Working together can bring out the best and worst in family dynamics. Here are some key considerations that valuation experts take into account when assessing these family-owned entities.

Family Members On The Payroll

Family-owned entities aren’t usually run like large public companies. For starters, “family business” and “nepotism” often go hand in hand. Some owners hire family members because they’re perceived as more trustworthy, while many hire them out of obligation or to satisfy a desire to pass the business on to their offspring.

When valuing family-owned entities, valuators must objectively consider whether family members are qualified for their positions and whether their compensation is reasonable.

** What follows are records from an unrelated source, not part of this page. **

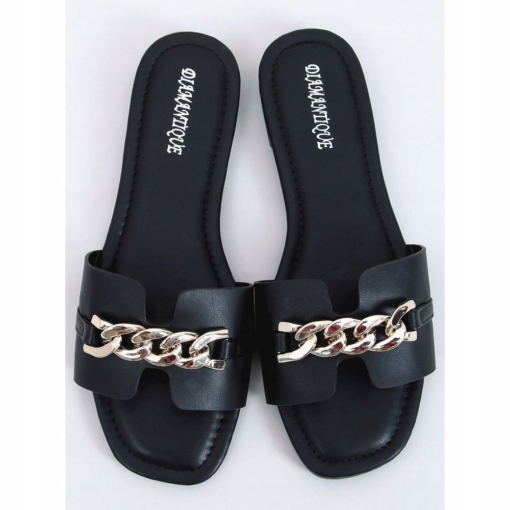 Inna marka Svarta HY23-01 Svarta tofflor med kedja
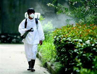 湖北日报讯 昨日,咸宁市咸安区防疫小分队在当地咸宝路瑾瑜小区进行消毒消杀。13日,咸安区遭暴雨洪水侵袭,洪水退后,卫生防疫人员对人员聚居地、广场草坪、道路、河岸和垃圾桶等喷施消毒杀菌药品,加强卫生防疫。(视界网 吴涛摄)
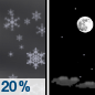 Temperature: 13°F Wind Speed: 0 mph Wind Direction: Forecast: Clear, with a low around 13. Northeast wind around 0 mph. |

In some cases, management of a hypothetical buyer might want to consolidate family members’ positions and use fewer people to perform their duties. As a result, valuators often make an upward adjustment to cash flow to reflect the excess expense of employing relatives.

But the reverse may also be true. Some family-owned entities overwork or underpay related parties. Consider, for example, owners whose passion for their work and desire to succeed lead them to work exceptionally long hours.

When evaluating a related party’s compensation, valuators look beyond the family member’s base pay. For example, they must also adjust for payroll taxes, benefits, and perks. Extraneous perks may include such things as allowances for luxury vehicles or country club memberships.

Related-Party Transactions

Family-owned entities may engage in other transactions with family members, such as rental contracts, supply agreements, and related-party loans. Experienced valuation experts know how to inquire whether these transactions exist and are at arm’s length.

Often, related-party transactions are sweetheart deals that require adjustments to the organization’s income stream for valuation purposes. For example, suppose a retailer rents space from a relative at a discount from what she would charge an unrelated organization. If the retailer needed to be valued for, say, the owner’s divorce, the valuator would consider reducing its cash flow to the extent that the related rental rates are below market rates.

Management Style

Family entity owners tend to have a more personal management style that favors gut instinct and trust over formal written policies. Many family-owned entity owners also favor fiscally conservative strategies and nonfinancial goals, which often lead to slower growth and lower profits. Particularly when valuing controlling interests, experts consider how much a family-owned entity would be worth in the hands of an unrelated hypothetical buyer.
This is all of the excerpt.